George Forrester

Personal information
- Full name: George Hogg Forrester
- Date of birth: 28 August 1934
- Place of birth: Edinburgh, Scotland
- Date of death: 13 April 2001 (aged 66)
- Place of death: Edinburgh, Scotland
- Position(s): Full back

Youth career
- Raith Rovers

Senior career*
- Years: Team / Apps / (Gls)
- 1953–1954: Sunderland / 0 / (0)
- 1954–?: Raith Rovers / 0 / (0)
- ?: Dundee / 0 / (0)
- 1957: Brechin City / 1 / (0)
- 1958: Dundee United / 9 / (0)
- 1959–1960: Eyemouth United
- 1960–1962: Accrington Stanley / 54 / (0)
- 1962–1965: Sankeys of Wellington
- 1965–1966: Altrincham
- 1966–1969: Macclesfield Town / 109 / (2)

= George Forrester (footballer, born 1934) =

Scottish footballer

George Hogg Forrester (28 August 1934 – 13 April 2001) was a Scottish footballer who played as a full back. He played for Accrington Stanley from 1960 until they dropped out of the Football League in 1962, and also played in the Scottish Football League for Brechin City and Dundee United. He played for non-League club Eyemouth United when they reached the quarter-finals of the Scottish Cup in 1959–60, and also helped Altrincham reach the third round of the FA Cup for the first time.

==Playing career==
George Forrester was born in Edinburgh on 28 August 1934. He was a youth player with Raith Rovers before joining Sunderland in 1953, where he failed to make a first-team appearance. He was given a free transfer in May 1954. He returned to Raith Rovers and then joined Dundee, but again didn't appear for either club's first team. After receiving a free transfer from Dundee, he had a brief spell with Brechin City between September and November 1957, playing in one league match. Forrester then signed for Dundee United in February 1958, where he made nine league appearances before leaving the club in September 1958.

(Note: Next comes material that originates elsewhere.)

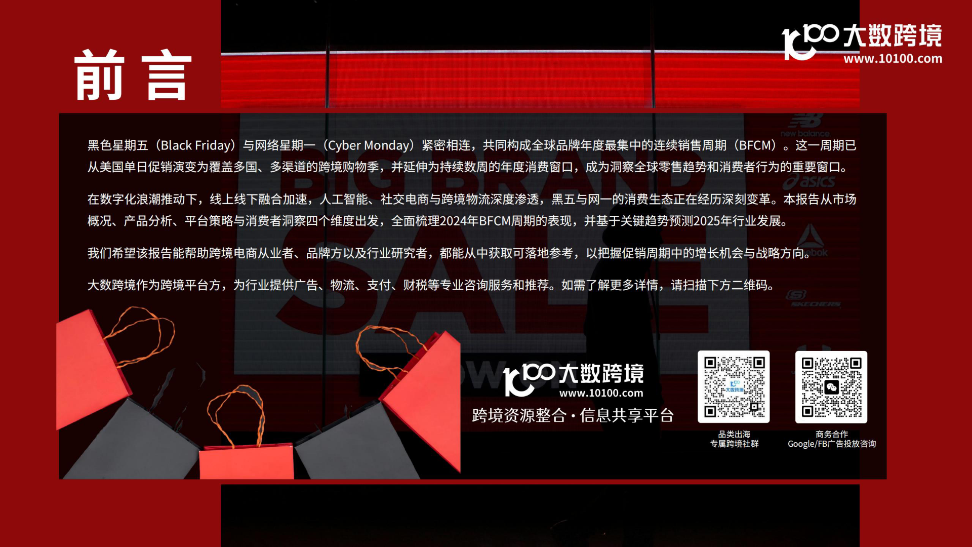 此外,AI 与社交电商深度赋能 BFCM 周期,2024 年黑五期间,零售商使用生成式 AI 频率较前一周高 18%,消费者使用 AI 客服次数增 38%,2025 年 81% 购物者考虑用 AI 辅助假日购物;社交电商市场规模预计 2025 年达 8727.1 亿美元,2024 年黑五社交广告增长 35%,网一 19% 销售额来自 TikTok Shop 与 Instagram 等平台,成为拉动增长的新引擎。整体而言,2025 年黑五网一市场将更注重数字化、个性化体验,品牌与平台需提前布局库存、精准洞察消费偏好、灵活运用技术工具,才能在激烈竞争中把握增长机会。
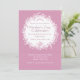 Ein charmantes Design mit einem gedämpften, rosa-herzigen Hintergrund mit einer weißen, kreisförmigen Blumenplatte für Ihre Personalisierung.Die Karte lässt sich leicht mit Ihrem Text, Schriftart, Schriftart, Papierform und der Auswahl von sechs Papiertypen anpassen.

Forrester later joined Eyemouth United in the East of Scotland League. He was a member of the Eyemouth team that reached the quarter-finals of the Scottish Cup in 1959–60, the only club from the East of Scotland League ever to do so, before losing to eventual finalists Kilmarnock. The Cup run attracted the attention of Accrington Stanley, who signed Forrester in February 1960 for around £1000. He was a regular member of the Accrington team, making 87 appearances up until they resigned from the Football League in March 1962 due to financial problems.

After leaving Accrington, Forrester ended the 1961–62 season with Sankeys of Wellington in the Cheshire County League. He went on to spend three years with the club. In 1965 he joined Altrincham, where he was made captain. In his only season at Altrincham, the club won the Cheshire County League title, were runners-up in the Cheshire County League Cup and reached the third round of the FA Cup for the first time in the club's history, eventually losing to Wolverhampton Wanderers. Despite these successes, Forrester was allowed to leave at the end of the 1965–66 season and subsequently joined another Cheshire County League team, Macclesfield Town. After winning the County League title in 1968, Macclesfield played the 1968–69 season in the new Northern Premier League, becoming its first champions. Forrester retired in 1969, having also won the Cheshire County Cup in his final season.

==After football==
After retiring Forrester maintained his connection with Macclesfield, running the Moss Rose Hotel adjacent to the club's Moss Rose ground. He died in 2001 in his native Edinburgh.